* TASK TO COMPLETE *
Only the lines from the line with "可在此设置该系统用户组是否可" through the end of the records belong in your reply, copied exactly, with every picture left out.

[Source data]
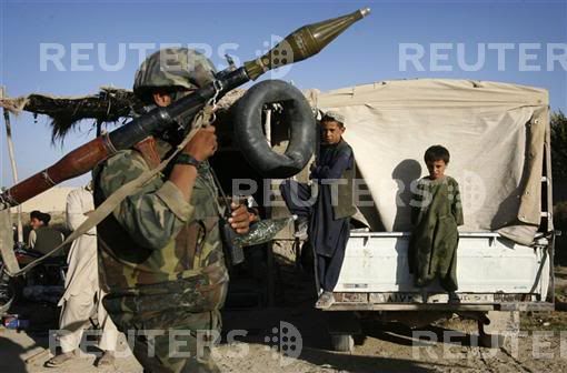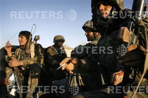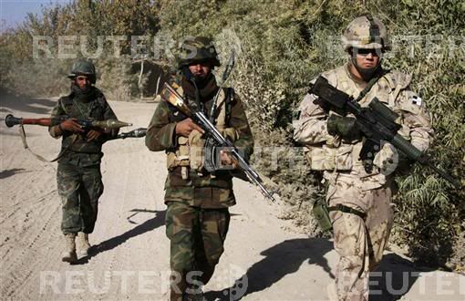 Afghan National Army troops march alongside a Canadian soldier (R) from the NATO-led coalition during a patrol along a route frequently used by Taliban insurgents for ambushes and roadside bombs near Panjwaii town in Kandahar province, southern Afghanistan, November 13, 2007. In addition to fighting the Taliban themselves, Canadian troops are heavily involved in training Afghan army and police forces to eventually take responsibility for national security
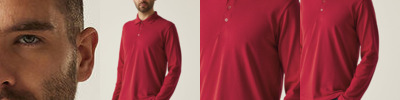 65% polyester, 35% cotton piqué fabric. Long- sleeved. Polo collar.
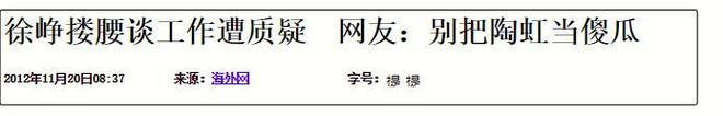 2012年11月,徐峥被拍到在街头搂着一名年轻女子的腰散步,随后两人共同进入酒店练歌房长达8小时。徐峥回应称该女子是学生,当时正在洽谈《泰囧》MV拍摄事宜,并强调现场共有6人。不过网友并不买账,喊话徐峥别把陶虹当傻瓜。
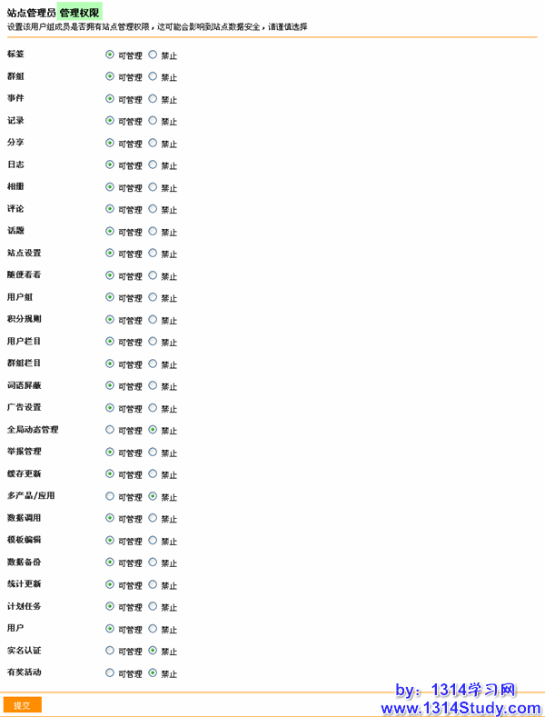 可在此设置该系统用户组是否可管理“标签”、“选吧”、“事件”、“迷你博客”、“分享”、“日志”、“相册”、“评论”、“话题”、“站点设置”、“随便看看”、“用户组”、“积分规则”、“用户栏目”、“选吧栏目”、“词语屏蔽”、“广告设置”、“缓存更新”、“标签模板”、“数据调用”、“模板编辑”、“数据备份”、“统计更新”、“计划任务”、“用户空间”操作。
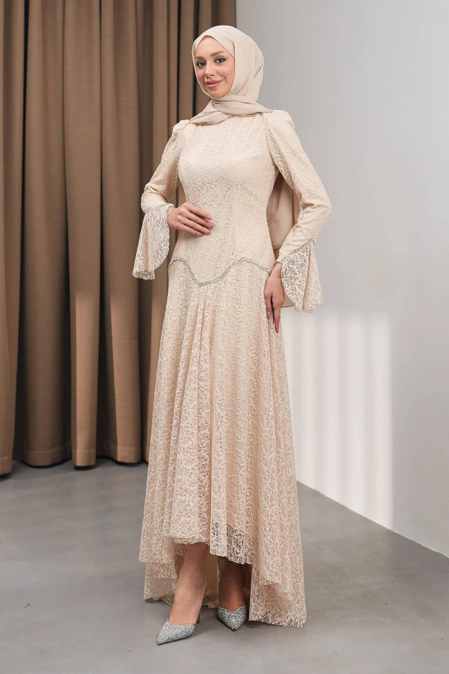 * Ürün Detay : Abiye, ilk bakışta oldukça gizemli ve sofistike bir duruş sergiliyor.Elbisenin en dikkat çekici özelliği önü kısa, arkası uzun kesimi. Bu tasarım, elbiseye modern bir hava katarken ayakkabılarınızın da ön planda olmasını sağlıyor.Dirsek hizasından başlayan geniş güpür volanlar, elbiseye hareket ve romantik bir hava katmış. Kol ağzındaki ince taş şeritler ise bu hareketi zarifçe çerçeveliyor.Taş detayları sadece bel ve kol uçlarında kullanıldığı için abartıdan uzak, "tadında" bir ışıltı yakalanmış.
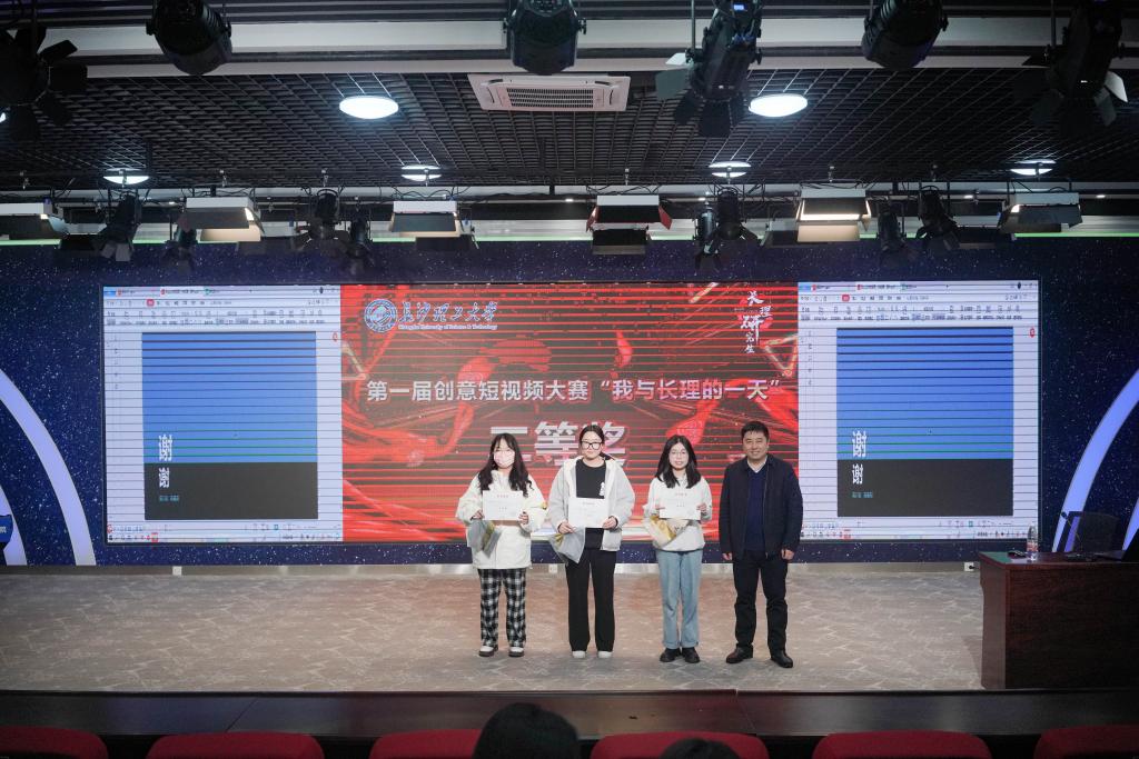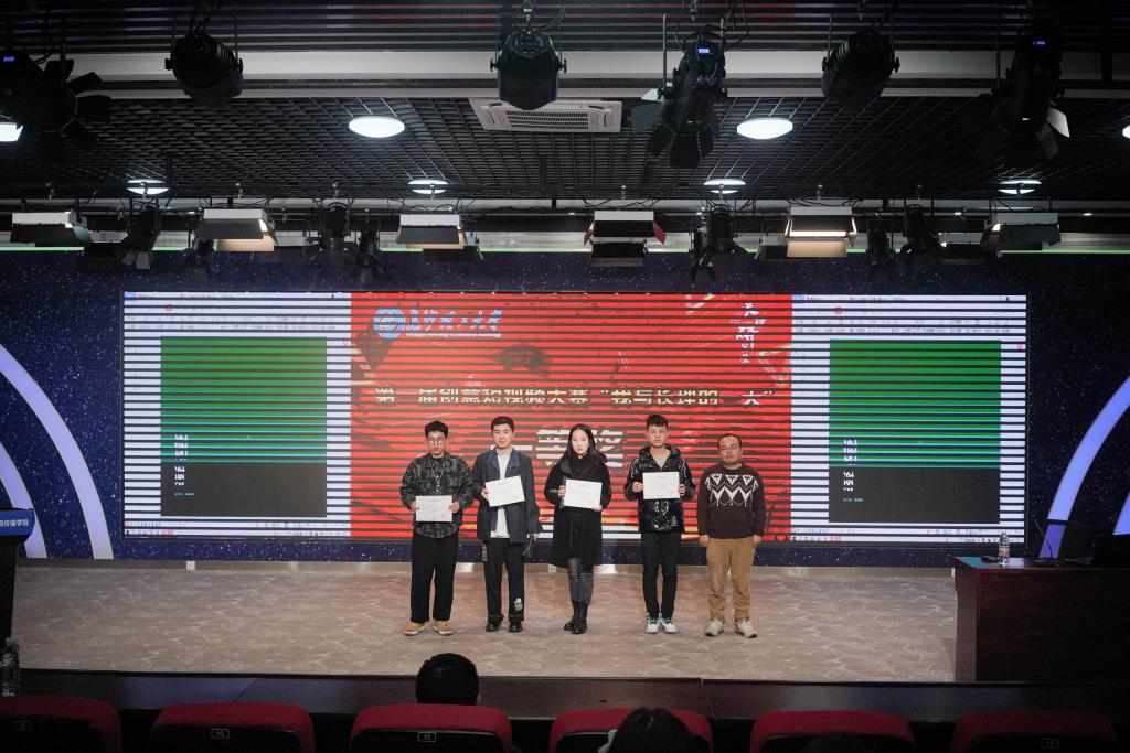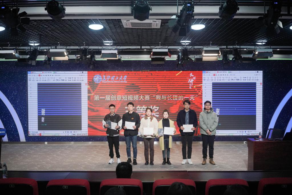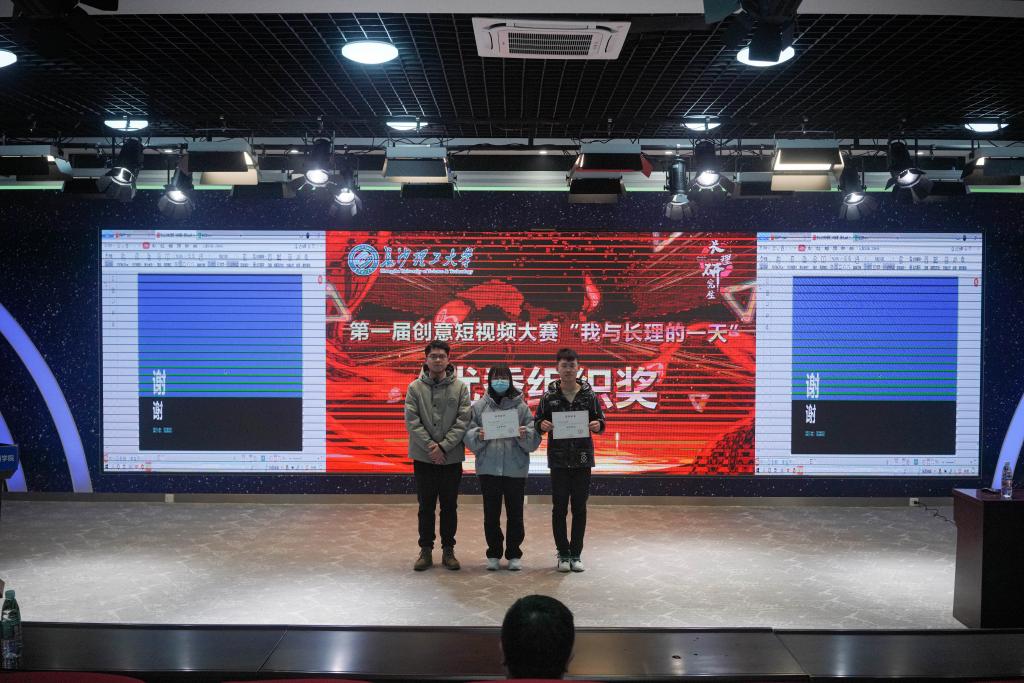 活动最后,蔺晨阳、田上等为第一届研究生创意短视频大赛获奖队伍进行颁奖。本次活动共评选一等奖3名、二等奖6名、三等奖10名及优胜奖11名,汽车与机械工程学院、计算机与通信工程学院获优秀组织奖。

* WRITTEN RESPONSE *
 可在此设置该系统用户组是否可管理“标签”、“选吧”、“事件”、“迷你博客”、“分享”、“日志”、“相册”、“评论”、“话题”、“站点设置”、“随便看看”、“用户组”、“积分规则”、“用户栏目”、“选吧栏目”、“词语屏蔽”、“广告设置”、“缓存更新”、“标签模板”、“数据调用”、“模板编辑”、“数据备份”、“统计更新”、“计划任务”、“用户空间”操作。
 * Ürün Detay : Abiye, ilk bakışta oldukça gizemli ve sofistike bir duruş sergiliyor.Elbisenin en dikkat çekici özelliği önü kısa, arkası uzun kesimi. Bu tasarım, elbiseye modern bir hava katarken ayakkabılarınızın da ön planda olmasını sağlıyor.Dirsek hizasından başlayan geniş güpür volanlar, elbiseye hareket ve romantik bir hava katmış. Kol ağzındaki ince taş şeritler ise bu hareketi zarifçe çerçeveliyor.Taş detayları sadece bel ve kol uçlarında kullanıldığı için abartıdan uzak, "tadında" bir ışıltı yakalanmış.
 活动最后,蔺晨阳、田上等为第一届研究生创意短视频大赛获奖队伍进行颁奖。本次活动共评选一等奖3名、二等奖6名、三等奖10名及优胜奖11名,汽车与机械工程学院、计算机与通信工程学院获优秀组织奖。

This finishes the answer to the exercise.